La realtà, dunque, è non solo fotografata ma radiografata, alla ricerca della sua essenza, della sua parte interiore più segreta e intima. In tutto questo, la piazza rappresenta un viaggio, un insiemi di luoghi pensati come estensioni di centri abitati o di spazi di divertimento e d'incontro. Ci sono molti modi differenti di guardare alla natura: quelli di Ottersbach propongono sempre movimenti ravvicinati ma resi distanti e perfino impraticabili, da una sfocatura costante che non permette di riconoscere completamente i contorni: «C’è un forte stato di straniamento in queste immagini - dice la curatrice Giovanna Nicoletti – dove gli orizzonti scompaiono e costringono ad entrare nello spazio osservato, azzerando il tempo. Sono voci senza parole quelle che si levano dalle folle nelle piazze o sui marciapiedi, o nelle barche affollate.
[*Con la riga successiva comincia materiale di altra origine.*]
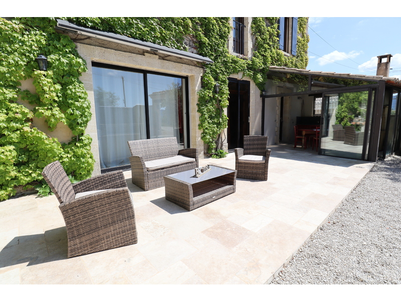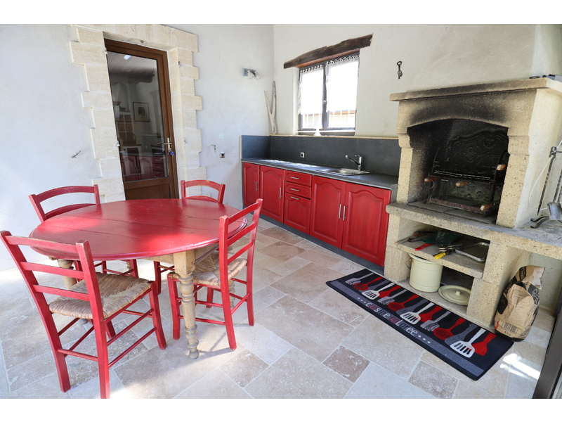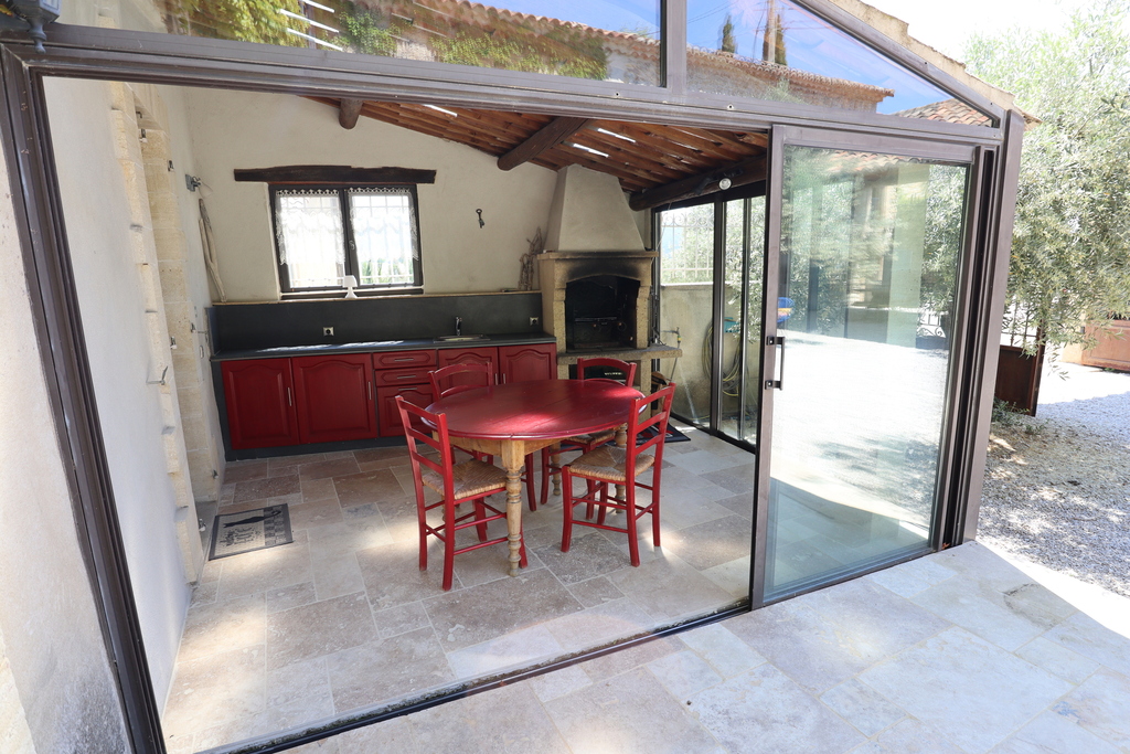 De veranda is uitgerust met een volwaardige buitenkeuken, die bijna volledig kan worden geopend. Deze buitenkeuken is voorzien van een gemetselde barbecue, een plancha voor het bereiden van diverse gerechten, en een spoelbak met werkblad, waardoor het een ideale ruimte is voor culinaire creaties aan de binnenkoer.

Sono silenzi quasi assordanti quelli delle solitudini di tronchi che si intrecciano e si spezzano per ricomporsi nella vegetazione o quelli che avviluppano le solide forme geometriche degli edifici o le carcasse di macchinari. Forse allora è vero: Heribert Ottersbach cerca nella pittura una risposta alla possibilità dell’arte di avere ancora qualcosa da dire. E forse la risposta sta nella sua mutevole rappresentazione e nel nostro sguardo di perenni cercatori, anche noi sempre, alla ricerca del vello d’oro».